§ **EXERCISE**
Copy out exactly the lines spanning the line with "Van haar schoollokaal" to the line with "Ivory Ribbed Sleeveless Crop Top NWT", inclusive, from the data underneath, with no pictures.

◇ ◇ ◇ ◇ ◇ ◇ ◇

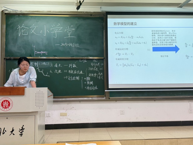 本次学堂开展了对《基于滑模控制器的永磁同步电机矢量控制的研究》论文的学习。本次论文学堂从多维度系统阐述了相关理论与方法。在研究背景与意义部分,指出了PMSM因其高效、紧凑的显著优势在新能源汽车、工业自动化等领域广泛应用,但传统PI控制在面对电机参数时变、负载突变等实际工况时,暴露了参数时变敏感性与外部扰动下的性能衰减问题,亟待更具有鲁棒性的控制策略;第二部分聚焦数学模型与控制算法设计,通过采用表贴式 PMSM 解耦模型,为滑模控制器的设计搭建了理论框架,比如通过引入二阶快速终端滑模面,不仅强化了系统在宽转速范围内的抗干扰能力,更实现了无超调的高精度转速跟踪,与论文中所提指数趋近律抑制抖振的设计思路形成理论呼应,共同推动滑模控制从基础理论向工程实用化迈进;在坐标变换与系统实现部分,Clarke-Park变换与空间矢量脉宽调制技术结合,构成了现代电机矢量控制的核心架构,前者通过数学解耦将三相耦合电流转换为独立的励磁分量与转矩分量,后者则通过优化电压矢量合成提升逆变器输出性能,二者共同支撑了滑模控制器在实际硬件系统中的高效实现,体现了理论模型与工程应用的深度衔接。
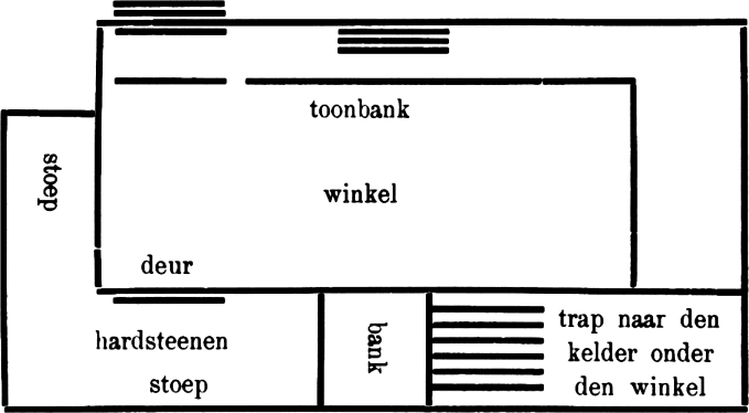 Van haar schoollokaal herinner ik mij zeer wel, dat het een rechthoekige ruimte was. De rijen banken, lange zitbanken, enkele met schrijftafels, stonden evenwijdig met de lange rechthoekszijden. Aan den voorwand hingen de negen leestafels van Prinsen. Er was maar één raam, dat in een der korte zijden, precies in den hoek, uitzicht gaf op muren en daken. In den hoek der andere korte zijde was de deur, ongeveer aldus:
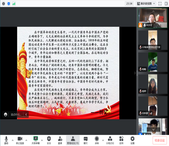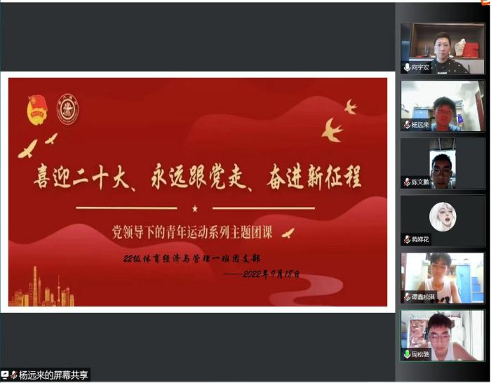 2022年9月17日,我院体育经济与管理1、2班团支部积极响应学校团委要求,通过腾讯会议平台开展“喜迎二十大、永远跟党⾛、奋进新征程”主题教育活动,联合入团积极分子展开了关于“党的青年运动史”学习心得分享,参与人数共计41名同学(团员23名,非团员18名)。
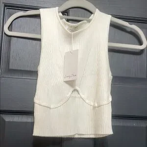 Ivory Ribbed Sleeveless Crop Top NWT
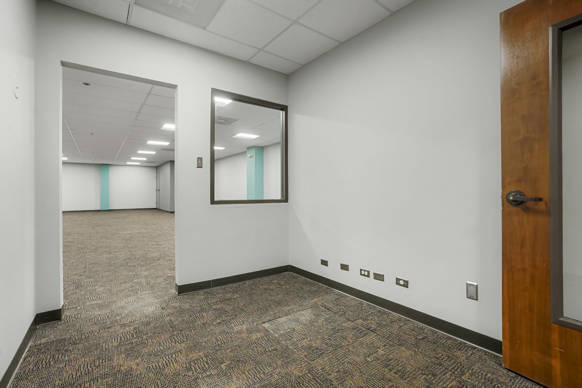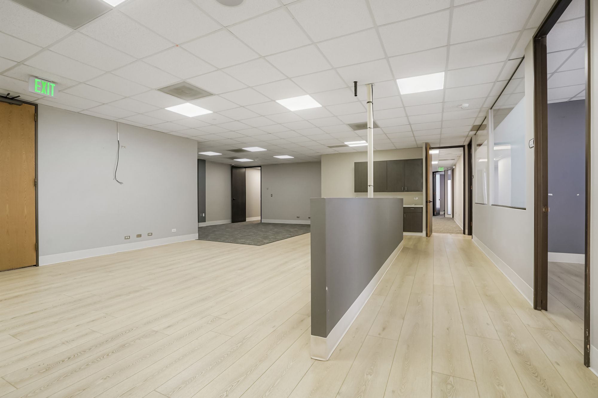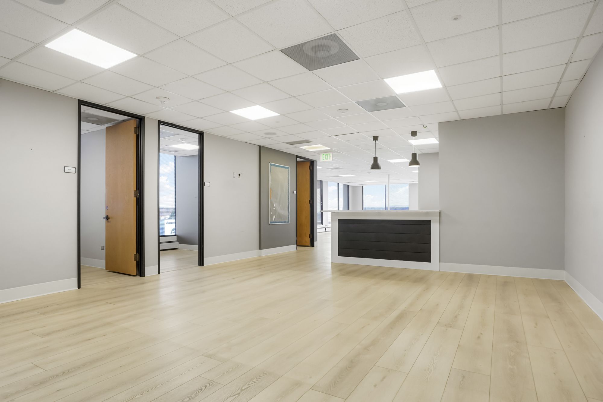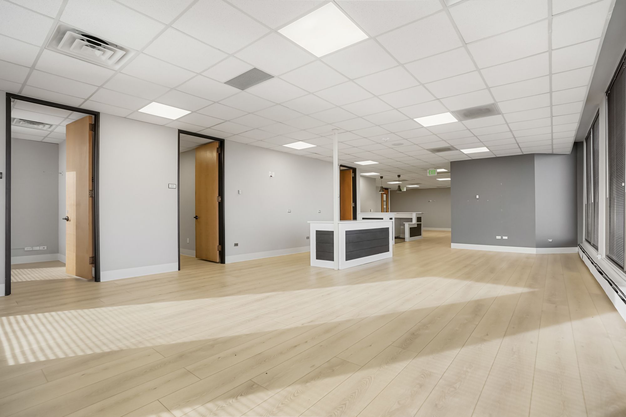 Office spaces for lease with ample parking in prime location.
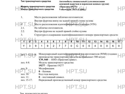 | Коммерческое наименование | Автомобиль специальный (для инкассации денежной выручки и перевозки ценных грузов); -; «Практик-19277» |
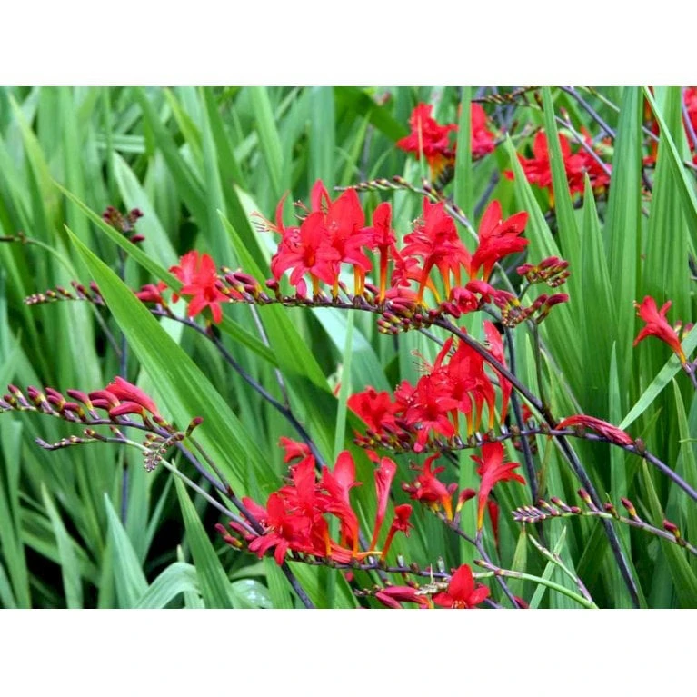 Juli – september. Talrige rødorange elegante blomster, græslignende løv.

◇ ◇ ◇ ◇ ◇ ◇ ◇

§ **EXPECTED ANSWER**
 Van haar schoollokaal herinner ik mij zeer wel, dat het een rechthoekige ruimte was. De rijen banken, lange zitbanken, enkele met schrijftafels, stonden evenwijdig met de lange rechthoekszijden. Aan den voorwand hingen de negen leestafels van Prinsen. Er was maar één raam, dat in een der korte zijden, precies in den hoek, uitzicht gaf op muren en daken. In den hoek der andere korte zijde was de deur, ongeveer aldus:
 2022年9月17日,我院体育经济与管理1、2班团支部积极响应学校团委要求,通过腾讯会议平台开展“喜迎二十大、永远跟党⾛、奋进新征程”主题教育活动,联合入团积极分子展开了关于“党的青年运动史”学习心得分享,参与人数共计41名同学(团员23名,非团员18名)。
 Ivory Ribbed Sleeveless Crop Top NWT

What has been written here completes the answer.